Confidential, Bloomington, IL
Big Data Developer
Responsibilities:
- Involved to provide architect, design, develop and testing services to Confidential for sub-system components within the data aggregation infrastructure associated with project Knight Hawk.
- Worked an Integrated Customer Platform (ICP) project at Confidential that is aligned to the Drive Safe and Save program.
- The project, code-named project "Knight Hawk, is focused on development of a smartphone-based telematics solution for driver behavior monitoring.
- Architect and implemented Hadoop batch solution for risk rating for "pay as you drive/pay as how you drive" model.
- Developed Java Map/Reduce job for Trip Calibration, Trip summarization and data filtering.
- Developed Hive UDFs for rating aggregation.
- Importing and exporting data into HDFS and Hive using Sqoop
- Experienced in defining job flows
- Experienced in managing and reviewing Hadoop log files
- Developed Hbase java client API for CRUD Operations.
- Developed the Java client API for node provisioning, load balancing and artifact deployment.
- Responsible to manage data coming from different sources
- Used Oozie tool for job scheduling.
Confidential, La Palma, CA
ETL Developer /Data Engineer
Responsibilities:
- Interacted with End user community to understand the business requirements.
- Prepared the required application design documents based on functionality required.
- Designed the ETL processes using DataStage to load data from Oracle, DB2 UDB to Flat Files (Fixed Width) and Flat Files to staging Teradata database and from staging to the target Teradata Data Warehouse database.
- Implemented dimensional model(logical and physical)data model in existing architecture using Erwin
- Used DataStage Parallel Extender stages namely Sequential, Lookup, Change Capture, Funnel, Transformer Stage, Column Export stage and Row Generator stages in accomplishing the ETL Coding.
- Developed Teradata SQL Queries to Load data from Teradata Staging to Enterprise Data warehouse
- Extensively worked on Error Handling and Delete Handling.
- Designed and developed the jobs for extracting, transforming, integrating, and loading data using DataStage Designer.

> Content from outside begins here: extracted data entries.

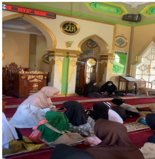
Gambar 2. Sesi Diskusi dan Refleksi Nilai-Nilai Islam dalam Pencegahan Bullying

Materi edukasi yang dipadukan dengan nilai-nilai Islam memperoleh respons yang baik dari santri. Pembahasan mengenai QS. Al-Hujurat ayat 11 tentang larangan mengejek, menghina, dan merendahkan orang lain memberikan pemahaman bahwa bullying bertentangan dengan ajaran Islam. Santri menunjukkan antusiasme saat menghubungkan materi bullying dengan kehidupan sehari-hari di lingkungan TPQ. Pendekatan religius ini membantu peserta memahami bahwa menghormati dan menyayangi sesama merupakan bagian dari akhlak mulia yang harus diterapkan dalam kehidupan sehari-hari. Temuan ini sejalan dengan penelitian Rizqi et al. (2024) yang menjelaskan bahwa nilai-nilai Islam dapat menjadi fondasi dalam membangun lingkungan belajar yang aman, inklusif, dan bebas dari perilaku perundungan.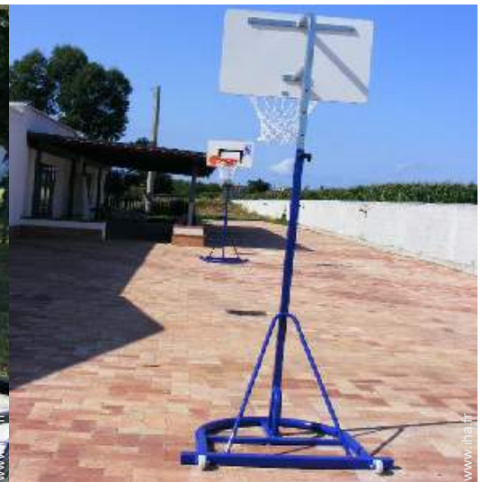
panier de basket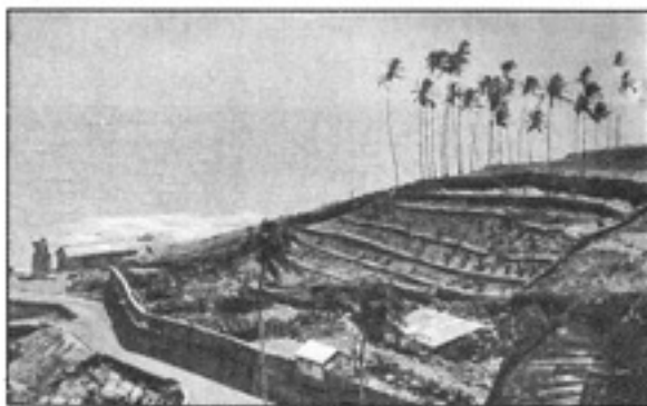
(လွယ်ရမ်း) အကွင်းခေါ်နေ မိတ်လွန်လွက်ခြေရာ၌ အသုံးပြုမည့်စားကို ဝက်ထားခဲ့သော ဟင်သီဟင်ဒူးရွက်ဥယျာဉ်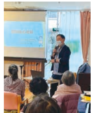
るるるオアシス認知症講座

毎月第4日曜日午後12時に「るるる＊みどり館」のダイニングルームで、地域のボランティアと十日市場ケアプラザの協力で福祉カフェ「るるるオアシス」を開催しています。おいしい紅茶を飲みながら、おしゃべりや読み聞かせ、健康チェックなどを行っています。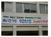
蒔田中学校 Tel 711-2232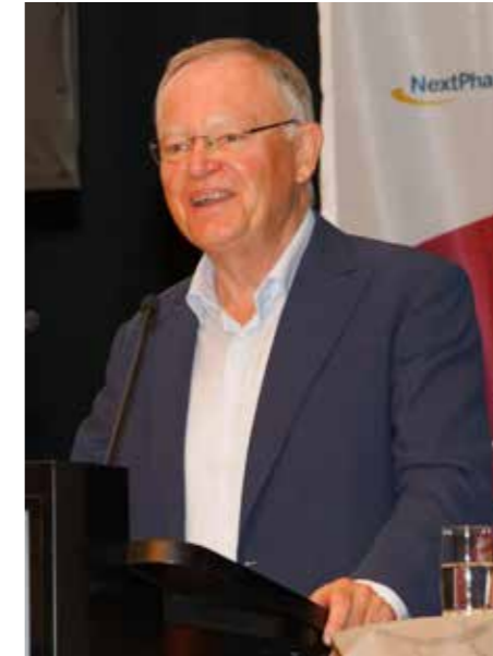
Niedersachsens Ministerpräsident Stephan Weil hielt die Festrede.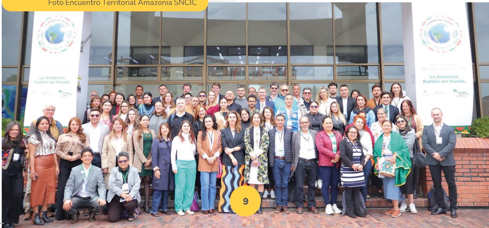
Foto Encuentro Territorial Amazonia SNCIC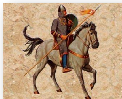
Chevalier du moyen-âge

- Developed job sequencer with proper job dependencies, job control stages, triggers.
- Developed DataStage job sequences used the User Activity Variables, Job Activity; Execute Command, Loop Activity, and Terminate.
- Used the DataStage Director and its run-time engine to monitor the running jobs.

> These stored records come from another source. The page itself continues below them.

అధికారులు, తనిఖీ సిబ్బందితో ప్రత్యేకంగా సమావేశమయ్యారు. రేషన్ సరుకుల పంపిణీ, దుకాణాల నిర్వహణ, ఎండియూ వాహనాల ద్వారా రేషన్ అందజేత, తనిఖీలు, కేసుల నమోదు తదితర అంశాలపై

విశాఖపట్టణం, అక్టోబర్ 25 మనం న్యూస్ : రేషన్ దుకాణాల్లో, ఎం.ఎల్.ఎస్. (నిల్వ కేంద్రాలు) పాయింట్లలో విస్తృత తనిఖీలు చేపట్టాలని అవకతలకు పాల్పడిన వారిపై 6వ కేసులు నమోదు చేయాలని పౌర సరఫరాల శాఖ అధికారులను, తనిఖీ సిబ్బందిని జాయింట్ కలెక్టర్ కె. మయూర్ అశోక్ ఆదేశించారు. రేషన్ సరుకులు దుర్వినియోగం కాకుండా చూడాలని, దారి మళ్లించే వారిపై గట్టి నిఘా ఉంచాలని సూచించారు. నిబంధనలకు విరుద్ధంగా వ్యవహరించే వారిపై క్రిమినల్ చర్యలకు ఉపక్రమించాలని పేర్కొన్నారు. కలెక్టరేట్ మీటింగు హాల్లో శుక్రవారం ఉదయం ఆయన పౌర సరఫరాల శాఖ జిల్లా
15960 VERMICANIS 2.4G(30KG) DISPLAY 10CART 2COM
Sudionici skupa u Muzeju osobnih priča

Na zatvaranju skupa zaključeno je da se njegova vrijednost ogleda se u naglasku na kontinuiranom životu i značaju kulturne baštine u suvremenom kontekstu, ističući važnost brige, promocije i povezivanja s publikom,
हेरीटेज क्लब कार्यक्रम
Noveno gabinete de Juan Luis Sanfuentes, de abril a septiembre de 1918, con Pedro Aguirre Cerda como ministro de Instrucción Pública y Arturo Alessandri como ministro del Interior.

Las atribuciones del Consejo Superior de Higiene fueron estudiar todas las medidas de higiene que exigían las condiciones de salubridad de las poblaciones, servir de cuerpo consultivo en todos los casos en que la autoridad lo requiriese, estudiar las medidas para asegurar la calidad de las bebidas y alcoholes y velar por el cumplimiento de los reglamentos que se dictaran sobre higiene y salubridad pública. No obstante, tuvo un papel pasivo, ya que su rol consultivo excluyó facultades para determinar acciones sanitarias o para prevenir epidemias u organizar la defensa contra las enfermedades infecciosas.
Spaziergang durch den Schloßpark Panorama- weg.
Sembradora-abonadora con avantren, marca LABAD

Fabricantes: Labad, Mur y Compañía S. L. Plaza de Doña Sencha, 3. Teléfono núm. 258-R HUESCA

- Involved in performance tuning and optimization of DataStage mappings using features like partitions and data/index cache to manage very large volume of data.

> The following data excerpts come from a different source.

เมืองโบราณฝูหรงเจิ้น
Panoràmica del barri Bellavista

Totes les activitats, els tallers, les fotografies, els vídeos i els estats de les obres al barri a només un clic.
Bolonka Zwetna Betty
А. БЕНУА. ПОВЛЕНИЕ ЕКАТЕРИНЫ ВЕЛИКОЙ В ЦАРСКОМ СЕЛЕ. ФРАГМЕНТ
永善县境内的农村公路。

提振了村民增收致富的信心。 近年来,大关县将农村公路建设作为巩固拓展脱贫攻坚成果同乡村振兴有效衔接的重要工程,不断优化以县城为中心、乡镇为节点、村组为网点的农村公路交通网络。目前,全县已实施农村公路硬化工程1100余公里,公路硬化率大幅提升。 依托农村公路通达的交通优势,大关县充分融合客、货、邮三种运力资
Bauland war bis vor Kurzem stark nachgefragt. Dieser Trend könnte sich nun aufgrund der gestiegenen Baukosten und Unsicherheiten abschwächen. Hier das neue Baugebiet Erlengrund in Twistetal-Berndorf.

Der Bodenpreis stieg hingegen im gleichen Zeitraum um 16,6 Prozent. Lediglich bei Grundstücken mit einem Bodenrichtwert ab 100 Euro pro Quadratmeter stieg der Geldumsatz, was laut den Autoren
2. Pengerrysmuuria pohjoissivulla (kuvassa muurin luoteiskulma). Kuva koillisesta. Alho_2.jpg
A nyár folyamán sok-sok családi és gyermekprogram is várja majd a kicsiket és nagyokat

- Importing and exporting data into HDFS and Hive Using Sqoop.
- Experienced in defining job flows.
- Experienced in running Hadoop streaming jobs to process terabytes of xml format data.
- Load and transform large sets of structured, semi structured and unstructured data.
- Responsible to manage data coming from different sources.
- Supported Map Reduce Programs those are running on the cluster.
- Involved in loading data from Unix file system to HDFS.
- Involved in creating Hive tables, loading with data and writing hive queries which will run internally in map reduce.
- Involved in Unit testing, System testing to check whether the data is loading into target, which was extracted from different source systems according to the user requirements.
- Extracted the data from the data warehouse using Business Object for reporting purposes.